Records from a data source
━━━━━━━━━━
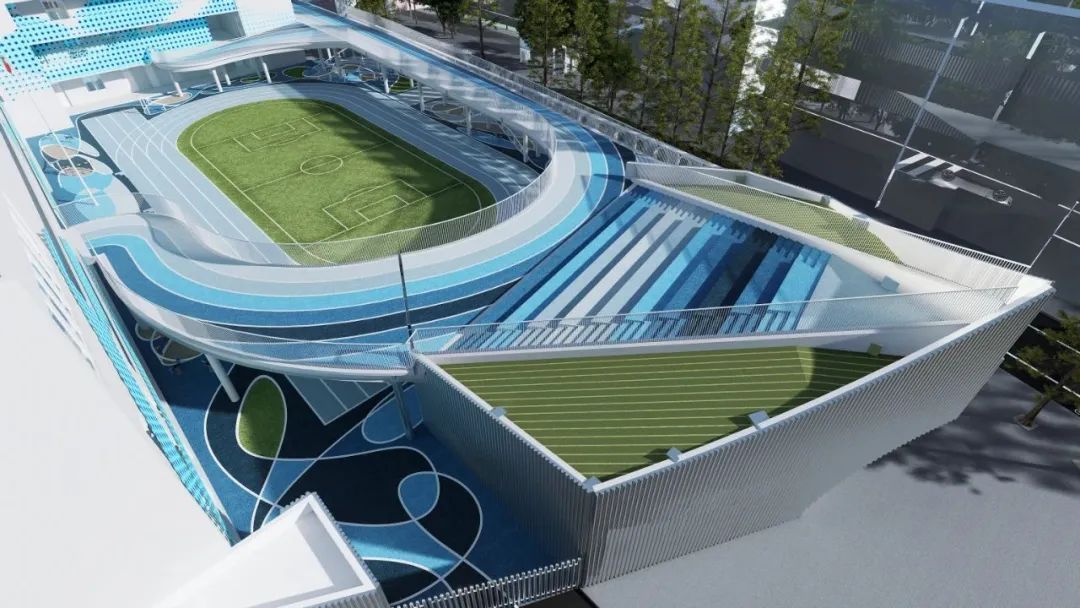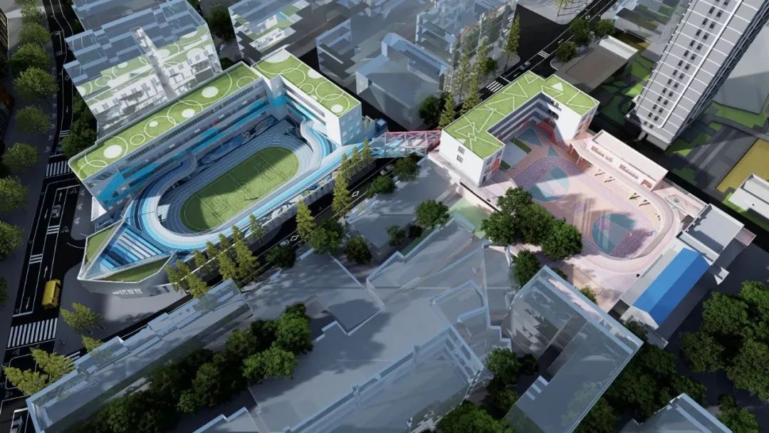 据介绍,这种“天空校园概念”,可让两所学校共用兴趣教室、食堂和教学资源,发挥出“1+1>2”的效果,连廊下的新建区域还能给学生增加更多活动空间,增加安全性。
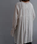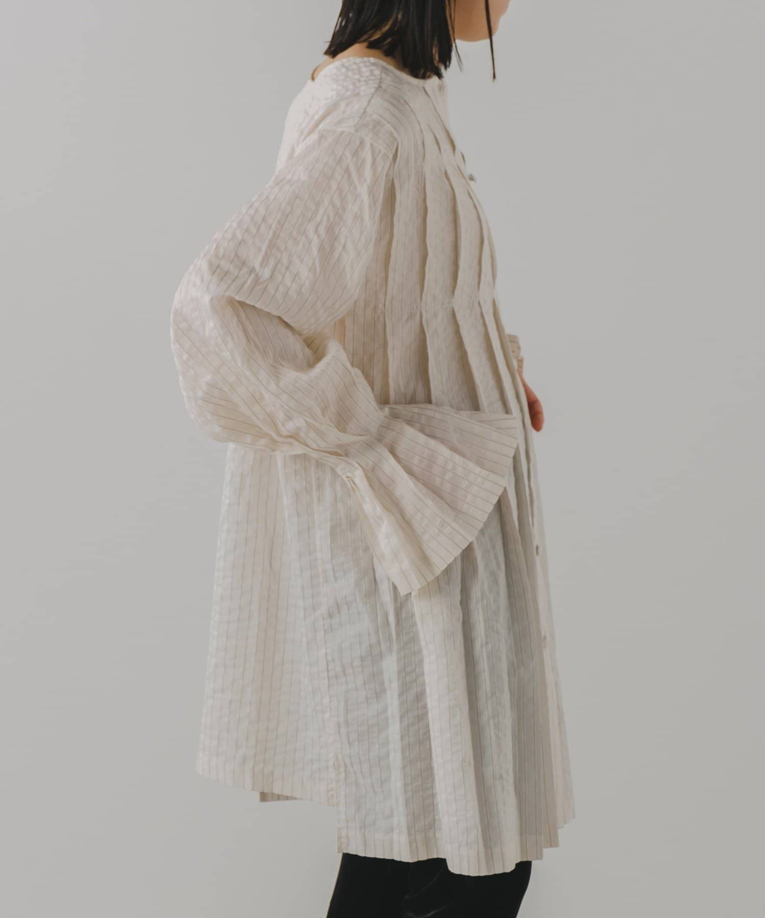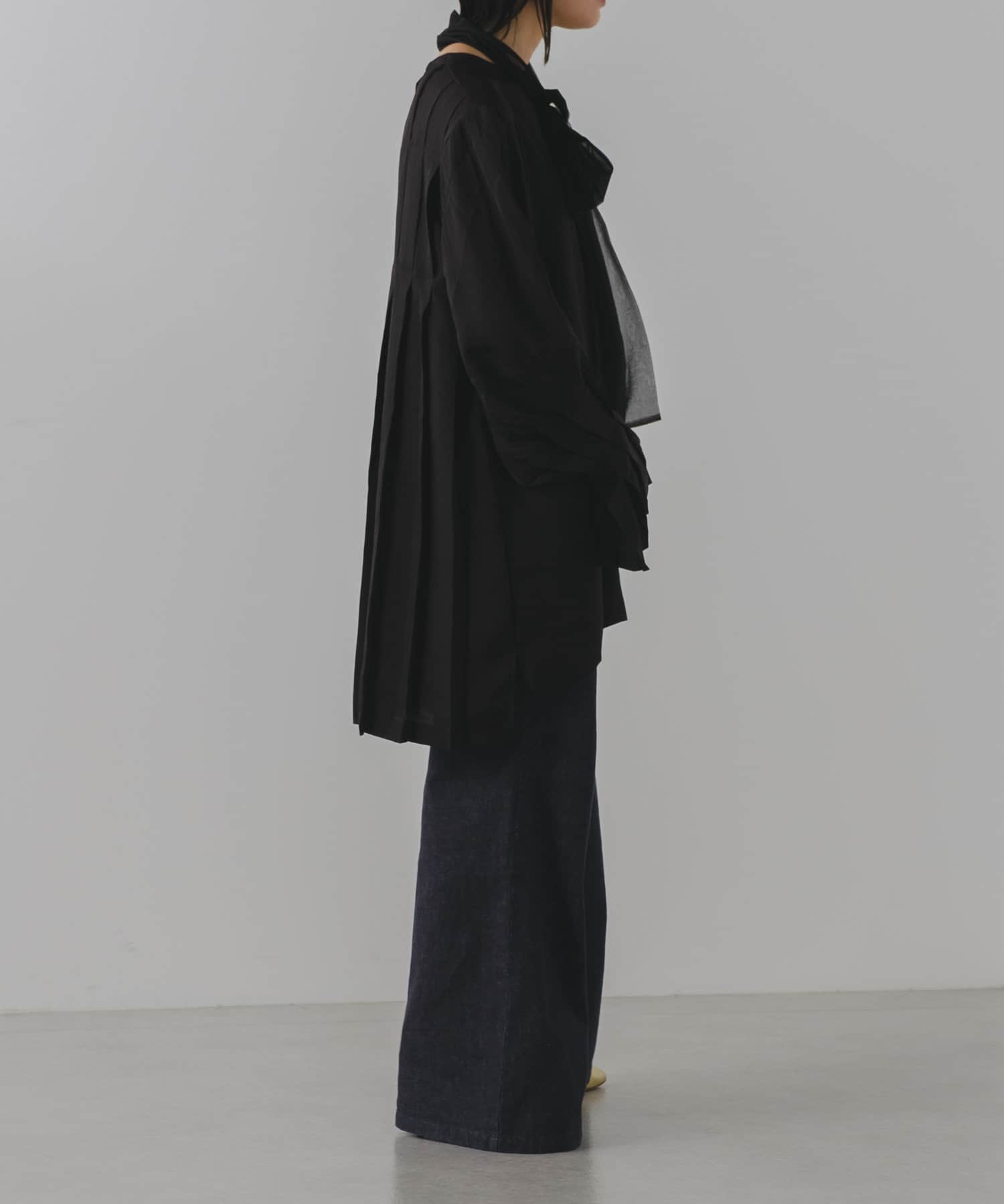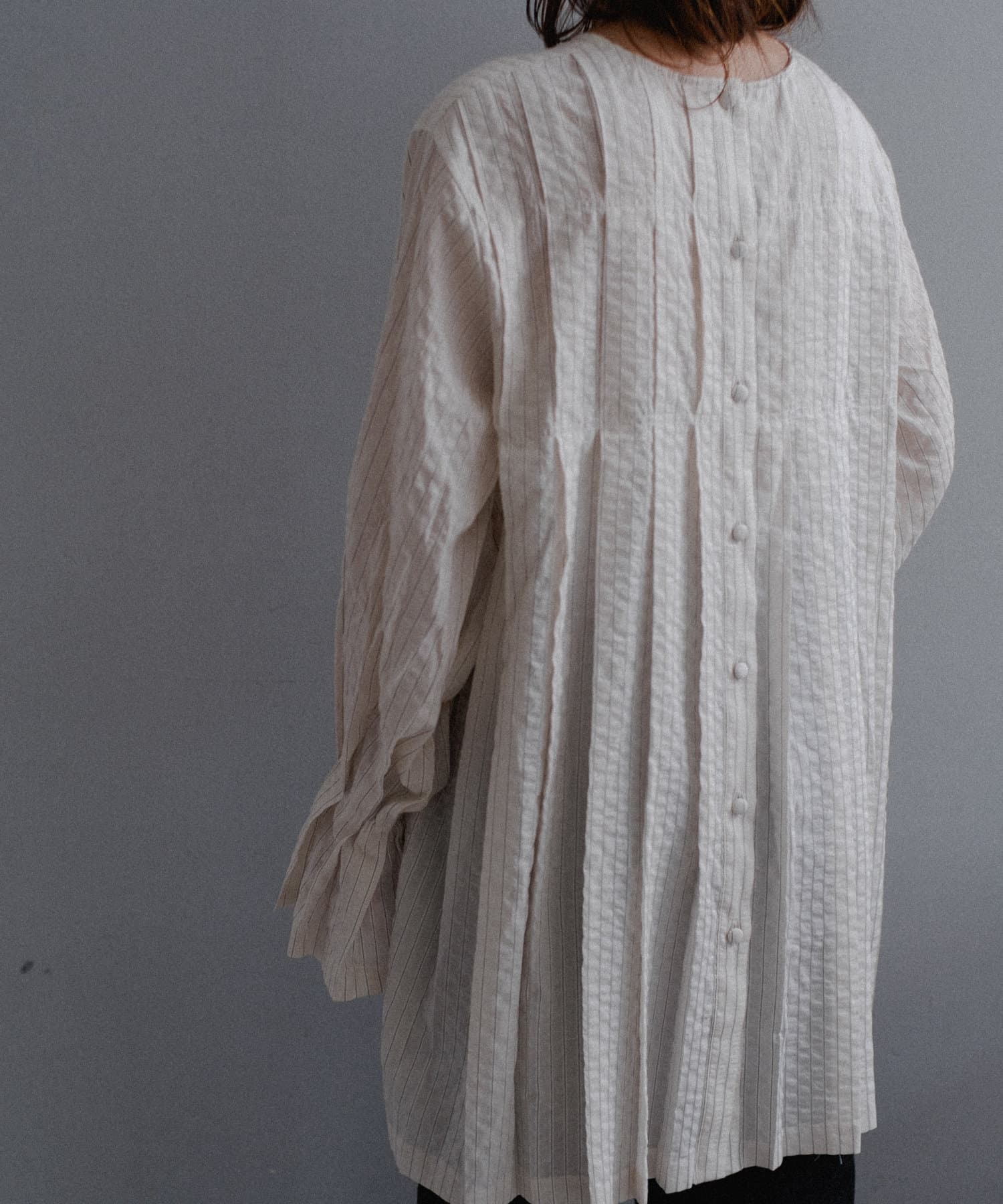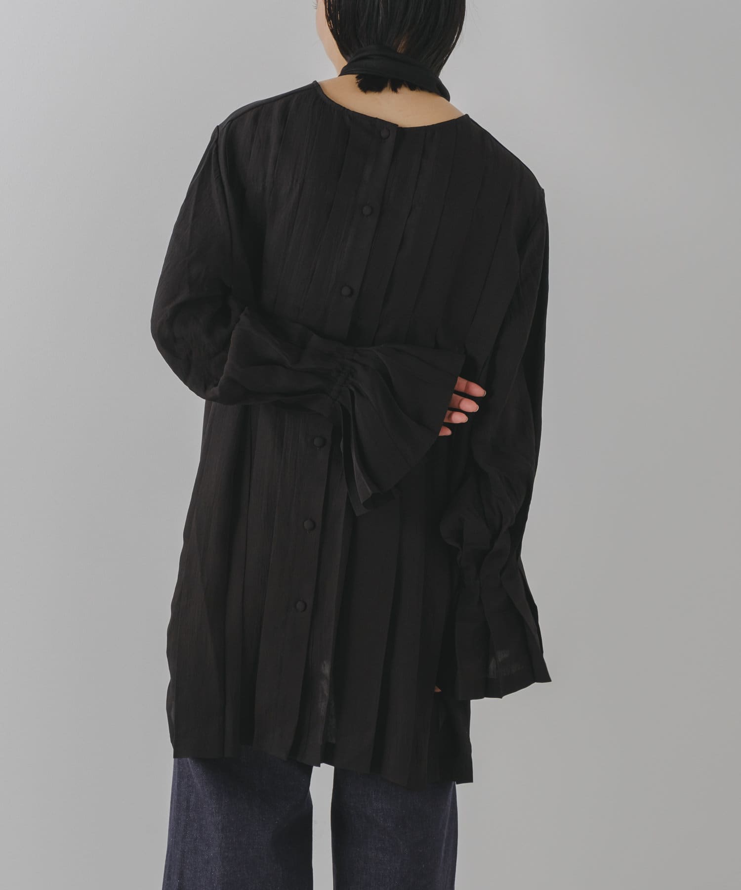 前から見るとシンプルですが、後ろ身頃には太幅のアコーディオンプリーツを入れており、バックシルエットまで楽しめます。また、袖にもプリーツを入れて、たっぷりと広がりのあるフレアースリーブに仕立てました。動くたびに袖や裾がヒラヒラとなびくので、レザージャケットやスウェットの中に重ね着して、ちらりと春の気分を覗かせるのもお勧めです。後ろはクルミ釦開き使用なので、前後で着用して夏の軽羽織りとして使っていただくこともできます。ミニワンピース程しっかりとお尻が隠れる丈があり、レギンスやスリムパンツなど今シーズンの気分なボトムスにも相性が良い1着です。
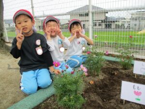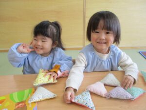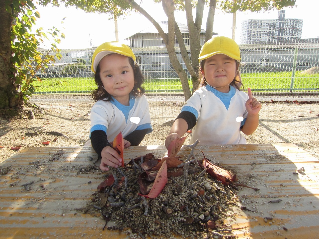 すみれヒヨコぐみのお友達が秋の食べものに変身して
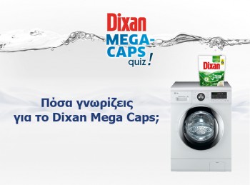 Το Dixan, το πρώτο απορρυπαντικό πλυντηρίου που εμφανίστηκε στην ελληνική αγορά, εγκαινιάζει τη σελίδα του στο facebook με ένα Mega-λο διαγωνισμό με πρωταγωνιστές τα Mega caps! Από σήμερα και κάθε μέρα μπαίνοντας στη σελίδα του Dixan στο facebook, απαντάς σωστά στo quiz των Mega Caps και αυτόματα μπαίνεις στην κλήρωση της ημέρας για 1 από τις 5 συσκευασίες Dixan Mega Caps Φρεσκάδα Άνοιξης 32Μ. Στο τέλος του διαγωνισμού και για όσες σωστές απαντήσεις έχεις, τόσες θα είναι και οι συμμετοχές σου για τη μεγάλη κλήρωση ενός πλυντηρίου LG!
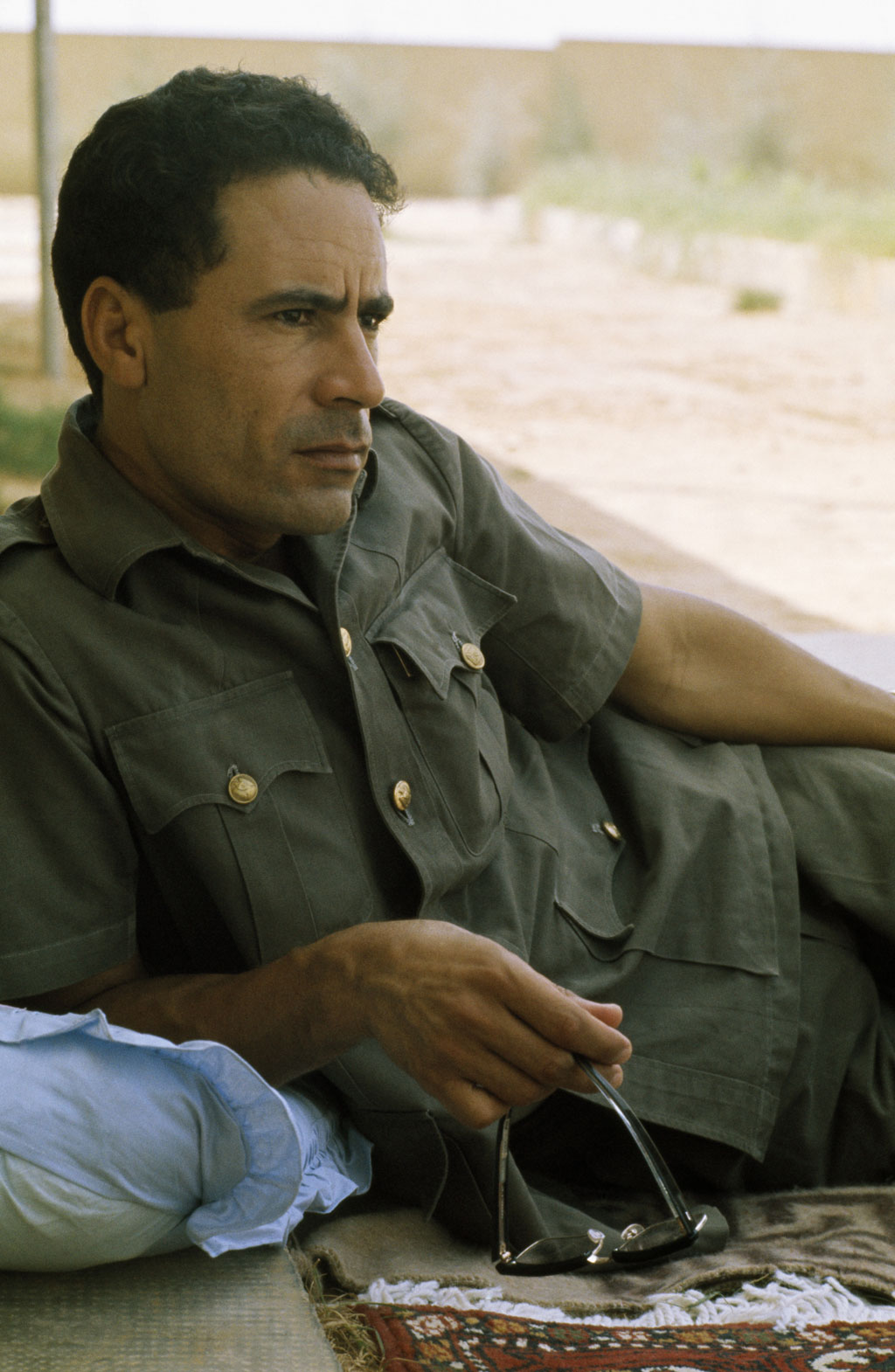 W świecie arabskim Kadafi był traktowany jako przywódca niepoważny, a w Afryce z hipokryzją, bo tam liczono na jego pomoc finansową. Zachód i Azja patrzyły na niego z ciekawością właściwą ekscentrycznemu liderowi trzeciego producenta ropy naftowej w Afryce: otoczony gwardią osobistą złożoną z kobiet, nocował w słynnym namiocie, który rozbijał najczęściej na terenie libijskiej ambasady, ale i pod Kremlem, odziewał się w beduińskie szaty z wielbłądziej wełny, pijał codziennie wielbłądzie mleko (dlatego wszędzie woził ze sobą wielbłądy). To oczywiście budziło zaciekawienie, ale powierzchowne.
━━━━━━━━━━
Since the pictures don't belong in the copy, copy only the rest of the entries above exactly.

 据介绍,这种“天空校园概念”,可让两所学校共用兴趣教室、食堂和教学资源,发挥出“1+1>2”的效果,连廊下的新建区域还能给学生增加更多活动空间,增加安全性。
 前から見るとシンプルですが、後ろ身頃には太幅のアコーディオンプリーツを入れており、バックシルエットまで楽しめます。また、袖にもプリーツを入れて、たっぷりと広がりのあるフレアースリーブに仕立てました。動くたびに袖や裾がヒラヒラとなびくので、レザージャケットやスウェットの中に重ね着して、ちらりと春の気分を覗かせるのもお勧めです。後ろはクルミ釦開き使用なので、前後で着用して夏の軽羽織りとして使っていただくこともできます。ミニワンピース程しっかりとお尻が隠れる丈があり、レギンスやスリムパンツなど今シーズンの気分なボトムスにも相性が良い1着です。
 すみれヒヨコぐみのお友達が秋の食べものに変身して
 Το Dixan, το πρώτο απορρυπαντικό πλυντηρίου που εμφανίστηκε στην ελληνική αγορά, εγκαινιάζει τη σελίδα του στο facebook με ένα Mega-λο διαγωνισμό με πρωταγωνιστές τα Mega caps! Από σήμερα και κάθε μέρα μπαίνοντας στη σελίδα του Dixan στο facebook, απαντάς σωστά στo quiz των Mega Caps και αυτόματα μπαίνεις στην κλήρωση της ημέρας για 1 από τις 5 συσκευασίες Dixan Mega Caps Φρεσκάδα Άνοιξης 32Μ. Στο τέλος του διαγωνισμού και για όσες σωστές απαντήσεις έχεις, τόσες θα είναι και οι συμμετοχές σου για τη μεγάλη κλήρωση ενός πλυντηρίου LG!
 W świecie arabskim Kadafi był traktowany jako przywódca niepoważny, a w Afryce z hipokryzją, bo tam liczono na jego pomoc finansową. Zachód i Azja patrzyły na niego z ciekawością właściwą ekscentrycznemu liderowi trzeciego producenta ropy naftowej w Afryce: otoczony gwardią osobistą złożoną z kobiet, nocował w słynnym namiocie, który rozbijał najczęściej na terenie libijskiej ambasady, ale i pod Kremlem, odziewał się w beduińskie szaty z wielbłądziej wełny, pijał codziennie wielbłądzie mleko (dlatego wszędzie woził ze sobą wielbłądy). To oczywiście budziło zaciekawienie, ale powierzchowne.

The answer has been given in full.